İLERİ SÜRÜLEN İSTİNAF SEBEPLERİ :
Davalı …. vekili sunduğu istinaf başvuru dilekçesinde özetle; yargılama aşamasında alınan kusur raporunda olayın oluşuna dair verilen bilgiler ile akabinde yapılan kusur dağılımının hayatın olağan akışına aykırı olduğunu, rapora göre her iki sürücünün de aynı kural ihlalini gerçekleştirdiğini ve kavşaklara yaklaşırken araçların hızını ve trafiğin genel durumunu kontrol etmeden hareket ettiğini, her iki sürücü için de aynı değerlendirme ve aynı kural ihlallerinden bahsedildiği halde kusur durumunun dağılımında hiçbir somut gerekçe gösterilmeden farklılıklar oluşmasının hakkaniyete aykırı olduğunu, böyle bir raporun gerekçeden uzak ve hüküm kurmaya elverişli olmadığını, yasal süresinde yaptıkları itirazların değerlendirilmediğini, hesaplama raporunda bariz hataların mevcut olduğunu, TRH 2010 yaşam tablosu ve 1,8 teknik faiz oranına göre hesaplama yapıldığında mağdur için 58.581,07 TL sürekli sakatlık tazminatı çıkması gerekirken daha fazla miktar üzerinden hüküm kurulduğunu, buna dair itirazlarının somut gerekçe gösterilmeden değerlendirmeye alınmadığını beyan ederek Yerel Mahkemece verilen kararın ortadan kaldırılmasına, yargılama giderleri ve vekalet ücretinin karşı tarafa yükletilmesine karar verilmesini talep etmiştir.
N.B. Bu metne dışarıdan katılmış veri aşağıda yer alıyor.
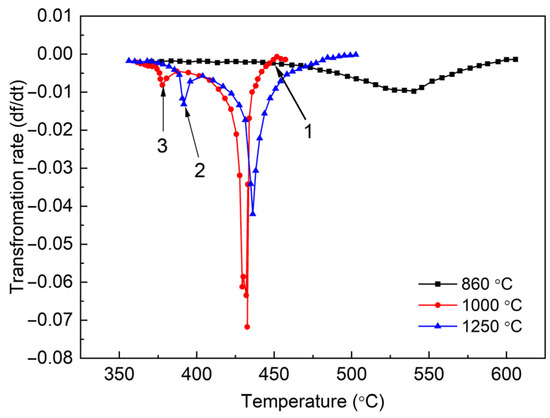 Phase transformation rate versus cooling temperature for the experimental steel at different austenitization temperatures. Arrow 1 indicates the transformation stasis at the beginning of transformation. Arrows 2 and 3 indicate the second peak in the transformation rate curves.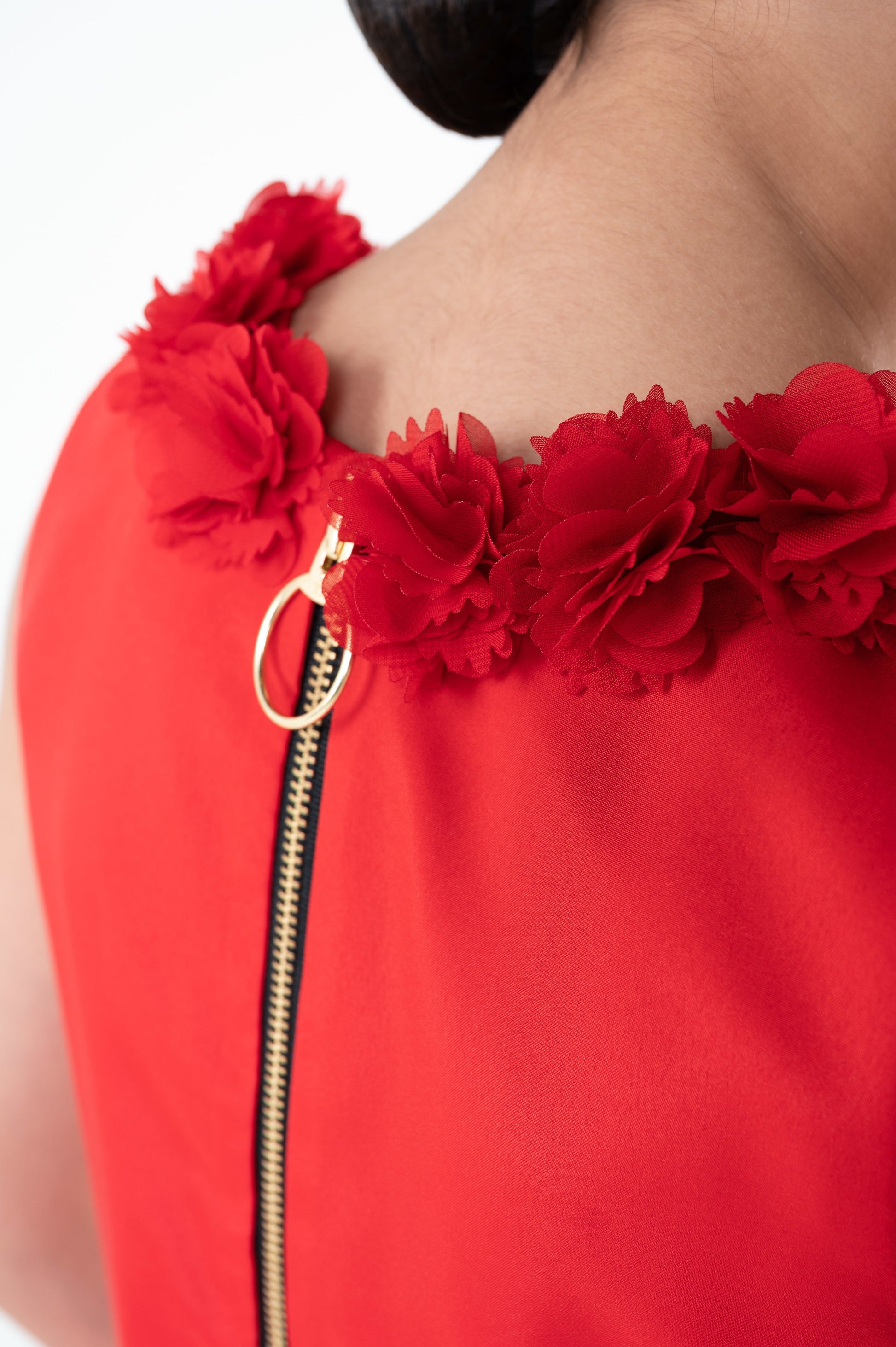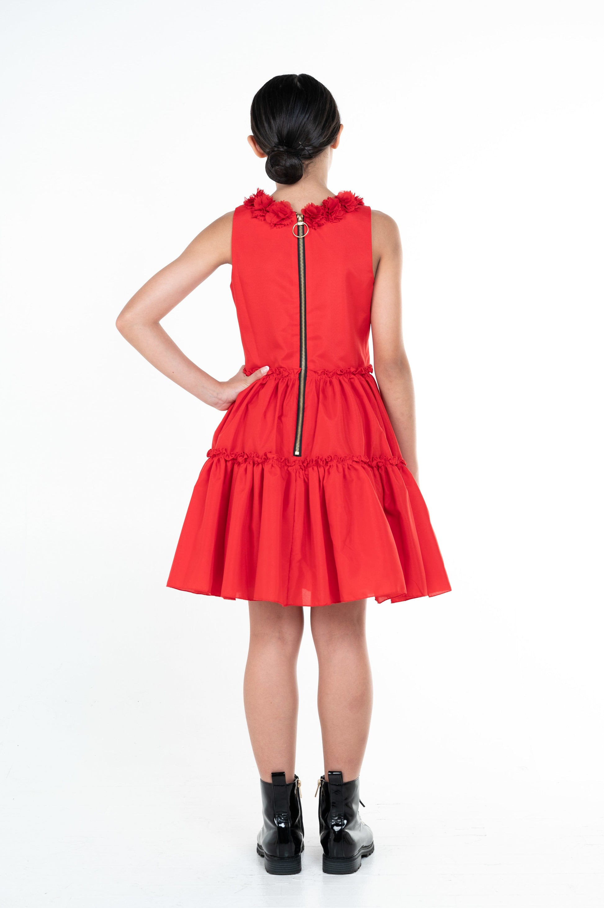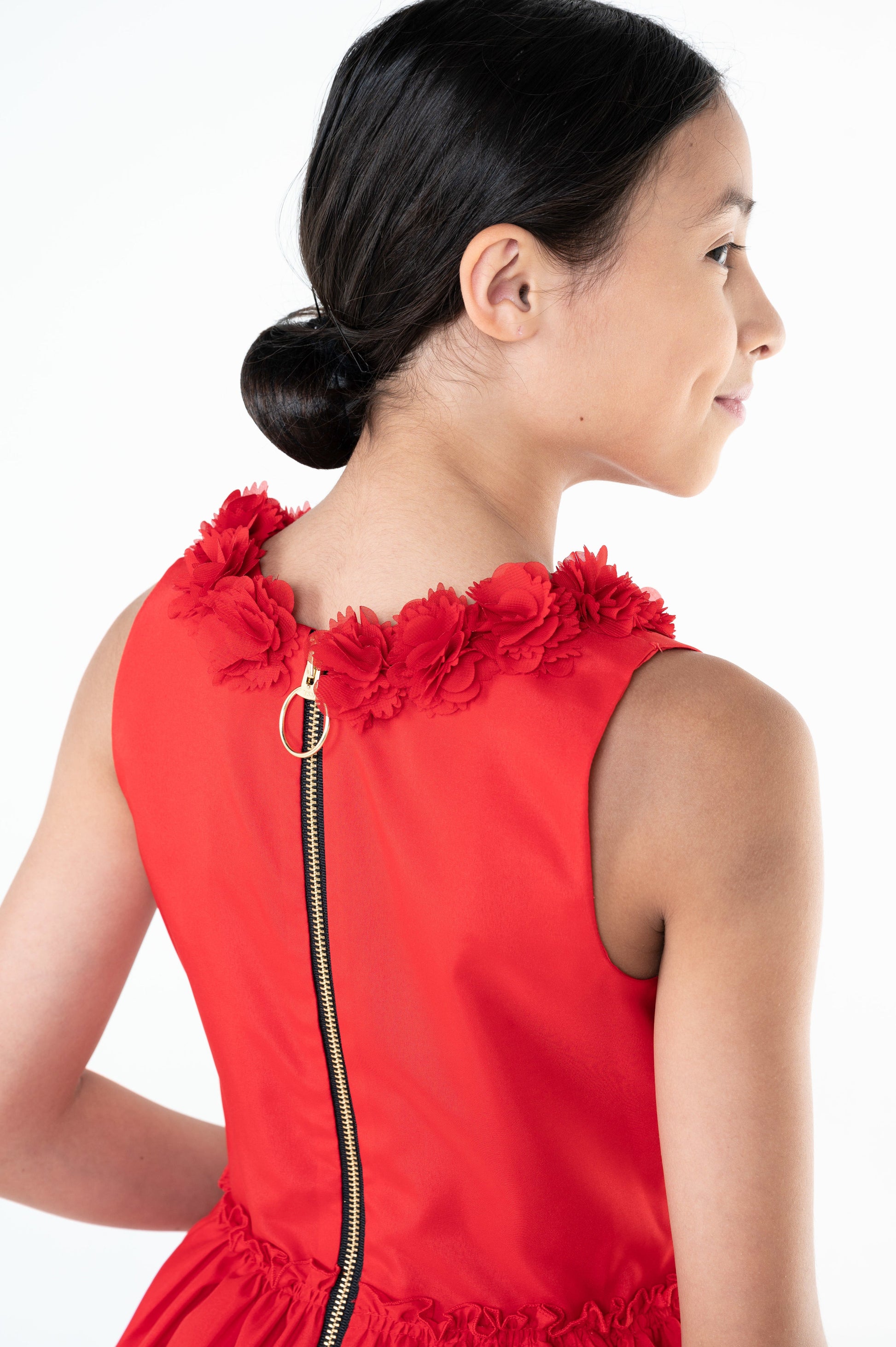 - Zoe "Madelyn" tiered dress features 3D flower trim at neckline

DELİLLERİN DEĞERLENDİRİLMESİ ve GEREKÇE :
6100 sayılı Hukuk Muhakemeleri Kanunu’nun 341 ve devamı maddeleri uyarınca ve özellikle istinaf incelemesinin kapsamının öngörüldüğü 355. maddeye göre re’sen gözetilecek kamu düzenine aykırılık halleri dışında istinaf incelemesi istinaf dilekçesinde belirtilen sebeplerle sınırlı olarak yapılır.
Kusura itiraz
Kaza, meskun mahalde, aydınlatmanın mevcut olduğu, çift yönlü, 13.9 m genişliğinde, asfalt kaplama, düz ve eğimsiz yol üzerinde bulunan 3 yönlü (T) kavşakta, açık havada, kuru zeminde, gece meydana gelmiştir. Dosyada, kazaya karışan her iki sürücünün de alkolsüz, mahalde azami hız sınırının 50 Km/s olduğuna, motosiklete ait çarpma öncesi 7.2 m fren izi bulunduğuna, sürücü ….’ın sürücü belgesinin olmadığına ancak uyuşturucu madde kullandığına dair tespit mevcuttur.
Olay sonrası tanzim edilen Trafik Kazası Tespit Tutanağında, sürücü ….’in K.T.K.’nun 53/1-b Maddesini ihlal ettiğinden asli, sürücü ….’ın 52/1-a Maddesini ihlal ettiğinden tali kusurlu oldukları, aynı olaya konu Trafik İhtisas Dairemizce hazırlanıp Konya .. Asliye Ceza Mahkemesi’ne sunulan 11.09.2017 tarihli Raporumuzda, sürücü …’in asli, sürücü ….’ın tali kusurlu oldukları belirtilmiştir.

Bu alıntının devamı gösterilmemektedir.